Having suffered a string of defeats himself since their first encounter, Ortiz was very much considered a shot fighter when the rematch occurred last year. Also considering in retrospect Berto’s best win to date probably came against Luis Collazo back in 2009, there are still lingering questions as to his stature in the Welterweight division.
Ohio native Porter on the other hand has always impressed. His best wins were in convincing fashion against tried and tested veterans Devon Alexander, Paul Malignaggi and Adrien Broner. He rose to prominence quickly with his only setback, a since avenged draw to Julio Diaz. His two losses can be forgiven as he gave both victors Kell Brook and Keith Thurman a torrid nights work. These two fighters are also still considered the cream of the Welterweight division.
Both contestants match up fairly equally in terms of size, power and speed. Berto has had a handful more fights, but the only real difference between the two is Berto’s extra 4 years professional experience, having turned over in 2004, and at 33 he is 4 years older. Usually experience counts for a fighter but Berto has suffered a lot of beatings over the years, and Porter already has all the experience he needs at the highest level. The miles on the clock are the crucial difference between these two athletes.
Porters style is extremely aggressive, relentlessly coming forward using a high-energy, dynamic crouching approach with plenty of head movement. Berto will need to stand his ground using a hard jab, tying him up on the inside, much as Brook was able to do. If he fights fire with fire and slugs with Porter as Thurman opted to, I see him coming off worse.
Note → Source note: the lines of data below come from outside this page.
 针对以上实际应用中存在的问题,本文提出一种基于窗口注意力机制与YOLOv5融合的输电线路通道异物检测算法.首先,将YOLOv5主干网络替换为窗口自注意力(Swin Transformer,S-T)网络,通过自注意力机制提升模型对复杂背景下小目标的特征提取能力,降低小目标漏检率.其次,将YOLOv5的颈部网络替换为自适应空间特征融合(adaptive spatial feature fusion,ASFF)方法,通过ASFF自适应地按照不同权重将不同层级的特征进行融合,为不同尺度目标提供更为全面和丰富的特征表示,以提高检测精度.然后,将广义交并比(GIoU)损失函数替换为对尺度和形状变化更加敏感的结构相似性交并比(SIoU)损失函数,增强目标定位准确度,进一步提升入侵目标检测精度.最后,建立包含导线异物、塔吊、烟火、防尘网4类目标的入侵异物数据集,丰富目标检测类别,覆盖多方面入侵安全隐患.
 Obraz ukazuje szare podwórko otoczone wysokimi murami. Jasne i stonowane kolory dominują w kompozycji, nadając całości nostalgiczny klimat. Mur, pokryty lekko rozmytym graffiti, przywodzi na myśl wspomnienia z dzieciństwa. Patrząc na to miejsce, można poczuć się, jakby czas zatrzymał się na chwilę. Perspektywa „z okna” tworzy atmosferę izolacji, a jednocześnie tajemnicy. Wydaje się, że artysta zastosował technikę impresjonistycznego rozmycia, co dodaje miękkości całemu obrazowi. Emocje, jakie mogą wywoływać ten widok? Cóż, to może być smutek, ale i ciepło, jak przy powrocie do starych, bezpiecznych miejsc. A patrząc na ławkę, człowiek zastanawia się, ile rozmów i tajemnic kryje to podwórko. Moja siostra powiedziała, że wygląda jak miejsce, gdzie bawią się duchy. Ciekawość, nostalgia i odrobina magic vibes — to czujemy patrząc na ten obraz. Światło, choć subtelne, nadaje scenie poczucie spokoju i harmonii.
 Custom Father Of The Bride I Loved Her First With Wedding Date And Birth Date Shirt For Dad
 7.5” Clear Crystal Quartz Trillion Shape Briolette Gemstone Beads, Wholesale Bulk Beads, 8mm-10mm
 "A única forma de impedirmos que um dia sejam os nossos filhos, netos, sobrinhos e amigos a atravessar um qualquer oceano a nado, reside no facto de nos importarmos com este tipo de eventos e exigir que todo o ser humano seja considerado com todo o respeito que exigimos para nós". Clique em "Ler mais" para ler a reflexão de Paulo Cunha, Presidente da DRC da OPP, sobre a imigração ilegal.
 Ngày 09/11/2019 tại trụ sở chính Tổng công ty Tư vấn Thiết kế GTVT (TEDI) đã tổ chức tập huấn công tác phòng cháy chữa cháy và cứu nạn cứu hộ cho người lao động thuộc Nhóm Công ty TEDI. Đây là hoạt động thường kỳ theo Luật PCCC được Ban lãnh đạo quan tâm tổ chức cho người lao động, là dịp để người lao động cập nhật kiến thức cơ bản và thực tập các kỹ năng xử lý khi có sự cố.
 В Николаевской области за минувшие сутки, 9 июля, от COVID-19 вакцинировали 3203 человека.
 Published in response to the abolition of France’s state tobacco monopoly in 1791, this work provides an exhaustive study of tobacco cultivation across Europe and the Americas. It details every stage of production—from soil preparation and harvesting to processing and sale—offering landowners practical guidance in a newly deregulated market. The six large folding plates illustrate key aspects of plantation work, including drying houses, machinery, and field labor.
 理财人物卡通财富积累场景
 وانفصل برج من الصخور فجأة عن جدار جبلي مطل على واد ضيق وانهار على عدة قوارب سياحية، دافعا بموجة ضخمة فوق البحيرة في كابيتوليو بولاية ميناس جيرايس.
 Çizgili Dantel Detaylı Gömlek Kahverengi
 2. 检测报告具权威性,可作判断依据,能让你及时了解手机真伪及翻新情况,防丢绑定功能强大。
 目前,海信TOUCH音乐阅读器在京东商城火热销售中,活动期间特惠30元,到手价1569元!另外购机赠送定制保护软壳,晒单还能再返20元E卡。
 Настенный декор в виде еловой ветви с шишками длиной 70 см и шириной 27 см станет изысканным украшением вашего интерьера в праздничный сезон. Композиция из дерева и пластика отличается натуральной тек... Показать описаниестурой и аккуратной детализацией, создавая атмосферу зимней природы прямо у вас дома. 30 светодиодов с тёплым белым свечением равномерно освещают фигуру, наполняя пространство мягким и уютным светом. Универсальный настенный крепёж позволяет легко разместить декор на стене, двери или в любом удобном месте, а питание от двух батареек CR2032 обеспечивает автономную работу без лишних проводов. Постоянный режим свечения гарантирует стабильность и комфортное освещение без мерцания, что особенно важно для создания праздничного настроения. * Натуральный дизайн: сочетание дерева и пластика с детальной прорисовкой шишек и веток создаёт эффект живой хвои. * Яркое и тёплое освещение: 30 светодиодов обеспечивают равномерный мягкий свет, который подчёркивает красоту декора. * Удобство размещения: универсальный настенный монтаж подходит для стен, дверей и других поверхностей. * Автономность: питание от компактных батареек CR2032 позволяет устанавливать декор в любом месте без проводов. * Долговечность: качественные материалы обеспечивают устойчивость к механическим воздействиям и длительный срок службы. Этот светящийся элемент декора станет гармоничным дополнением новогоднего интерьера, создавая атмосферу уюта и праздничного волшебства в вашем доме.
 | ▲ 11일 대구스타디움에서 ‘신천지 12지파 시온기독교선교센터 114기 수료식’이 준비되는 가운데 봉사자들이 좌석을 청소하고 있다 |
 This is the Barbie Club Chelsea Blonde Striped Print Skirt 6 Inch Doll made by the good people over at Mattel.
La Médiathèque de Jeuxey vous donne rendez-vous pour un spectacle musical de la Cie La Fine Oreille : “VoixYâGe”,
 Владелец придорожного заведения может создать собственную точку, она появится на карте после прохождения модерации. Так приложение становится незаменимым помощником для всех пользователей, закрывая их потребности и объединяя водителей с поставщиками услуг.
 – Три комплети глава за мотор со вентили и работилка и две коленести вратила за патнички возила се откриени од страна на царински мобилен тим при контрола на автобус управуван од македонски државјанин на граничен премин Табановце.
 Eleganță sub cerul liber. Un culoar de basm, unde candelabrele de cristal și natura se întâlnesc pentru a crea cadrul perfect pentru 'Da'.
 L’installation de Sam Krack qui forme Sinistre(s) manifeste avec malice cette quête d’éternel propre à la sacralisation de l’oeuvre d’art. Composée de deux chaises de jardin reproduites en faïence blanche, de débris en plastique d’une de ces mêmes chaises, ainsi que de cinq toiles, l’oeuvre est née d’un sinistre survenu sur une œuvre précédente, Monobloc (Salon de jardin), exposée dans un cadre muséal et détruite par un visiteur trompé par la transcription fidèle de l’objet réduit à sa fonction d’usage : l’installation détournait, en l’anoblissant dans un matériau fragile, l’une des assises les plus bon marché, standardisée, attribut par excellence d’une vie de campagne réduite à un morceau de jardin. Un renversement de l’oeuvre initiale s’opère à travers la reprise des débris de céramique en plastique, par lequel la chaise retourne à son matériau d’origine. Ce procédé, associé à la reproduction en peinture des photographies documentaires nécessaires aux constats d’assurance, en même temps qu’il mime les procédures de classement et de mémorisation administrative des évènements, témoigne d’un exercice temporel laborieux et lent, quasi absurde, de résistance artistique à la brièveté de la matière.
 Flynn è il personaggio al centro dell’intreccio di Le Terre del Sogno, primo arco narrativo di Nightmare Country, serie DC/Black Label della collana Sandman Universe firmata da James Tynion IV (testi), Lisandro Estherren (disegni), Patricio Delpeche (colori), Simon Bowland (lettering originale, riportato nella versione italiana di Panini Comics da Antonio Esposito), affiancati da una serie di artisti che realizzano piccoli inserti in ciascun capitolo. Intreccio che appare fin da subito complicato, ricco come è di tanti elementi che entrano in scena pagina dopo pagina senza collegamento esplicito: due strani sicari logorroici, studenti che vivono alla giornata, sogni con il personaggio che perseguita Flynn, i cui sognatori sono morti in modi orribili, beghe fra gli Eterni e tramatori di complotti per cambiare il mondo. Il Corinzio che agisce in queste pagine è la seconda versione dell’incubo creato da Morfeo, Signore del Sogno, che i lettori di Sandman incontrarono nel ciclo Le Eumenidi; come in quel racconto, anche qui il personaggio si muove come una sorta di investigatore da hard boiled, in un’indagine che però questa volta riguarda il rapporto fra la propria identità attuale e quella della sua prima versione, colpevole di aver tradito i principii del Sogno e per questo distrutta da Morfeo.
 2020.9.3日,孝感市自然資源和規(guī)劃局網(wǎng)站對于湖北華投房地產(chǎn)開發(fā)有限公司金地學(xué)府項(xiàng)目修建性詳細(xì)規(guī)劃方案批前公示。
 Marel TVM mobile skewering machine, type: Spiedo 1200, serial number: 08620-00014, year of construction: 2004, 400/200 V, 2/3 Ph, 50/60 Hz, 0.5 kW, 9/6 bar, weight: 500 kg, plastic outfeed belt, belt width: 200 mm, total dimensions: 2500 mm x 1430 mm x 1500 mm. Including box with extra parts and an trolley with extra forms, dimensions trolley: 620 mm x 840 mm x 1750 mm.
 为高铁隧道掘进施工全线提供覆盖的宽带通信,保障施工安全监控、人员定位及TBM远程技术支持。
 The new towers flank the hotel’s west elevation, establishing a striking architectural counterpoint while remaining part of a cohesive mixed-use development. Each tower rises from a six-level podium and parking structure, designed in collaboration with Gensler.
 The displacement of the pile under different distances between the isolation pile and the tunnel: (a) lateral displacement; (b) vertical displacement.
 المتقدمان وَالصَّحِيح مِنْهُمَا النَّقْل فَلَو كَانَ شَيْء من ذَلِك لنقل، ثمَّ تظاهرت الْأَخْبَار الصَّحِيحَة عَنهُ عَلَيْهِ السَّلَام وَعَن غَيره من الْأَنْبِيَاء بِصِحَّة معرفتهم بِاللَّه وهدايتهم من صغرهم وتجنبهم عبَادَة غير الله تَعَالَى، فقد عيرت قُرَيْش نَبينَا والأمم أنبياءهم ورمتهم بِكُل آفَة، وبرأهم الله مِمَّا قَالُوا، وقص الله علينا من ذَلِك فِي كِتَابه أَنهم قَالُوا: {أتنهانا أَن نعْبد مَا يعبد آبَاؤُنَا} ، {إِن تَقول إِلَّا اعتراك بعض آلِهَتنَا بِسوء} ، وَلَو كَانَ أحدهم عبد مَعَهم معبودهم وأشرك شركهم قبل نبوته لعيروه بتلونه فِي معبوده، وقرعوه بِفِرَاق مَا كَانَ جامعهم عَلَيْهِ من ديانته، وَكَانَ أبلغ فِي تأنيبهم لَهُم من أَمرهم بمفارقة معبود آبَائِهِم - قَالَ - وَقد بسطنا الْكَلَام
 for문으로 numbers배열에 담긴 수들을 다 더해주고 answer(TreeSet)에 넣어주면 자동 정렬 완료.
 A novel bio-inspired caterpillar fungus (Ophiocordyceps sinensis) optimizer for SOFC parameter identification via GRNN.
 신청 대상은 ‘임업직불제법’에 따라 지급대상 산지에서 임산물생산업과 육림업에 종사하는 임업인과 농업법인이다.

Berto’s strengths are his strength, and shot variety. Although Porter brings a lot of physical strength, Berto has the tools to match it, but he has to know when to tie up and move away, to avoid a similar situation he suffered against Guerrero.
Unless Berto has gotten wiser than he has shown in previous fights, I can’t see him having the ring generalship to keep Porter at bay. We haven’t seen enough evidence in his recent fights to suggest he is an improved fighter. For this reason I see Porter wearing his man down, and taking a unanimous decision on the cards.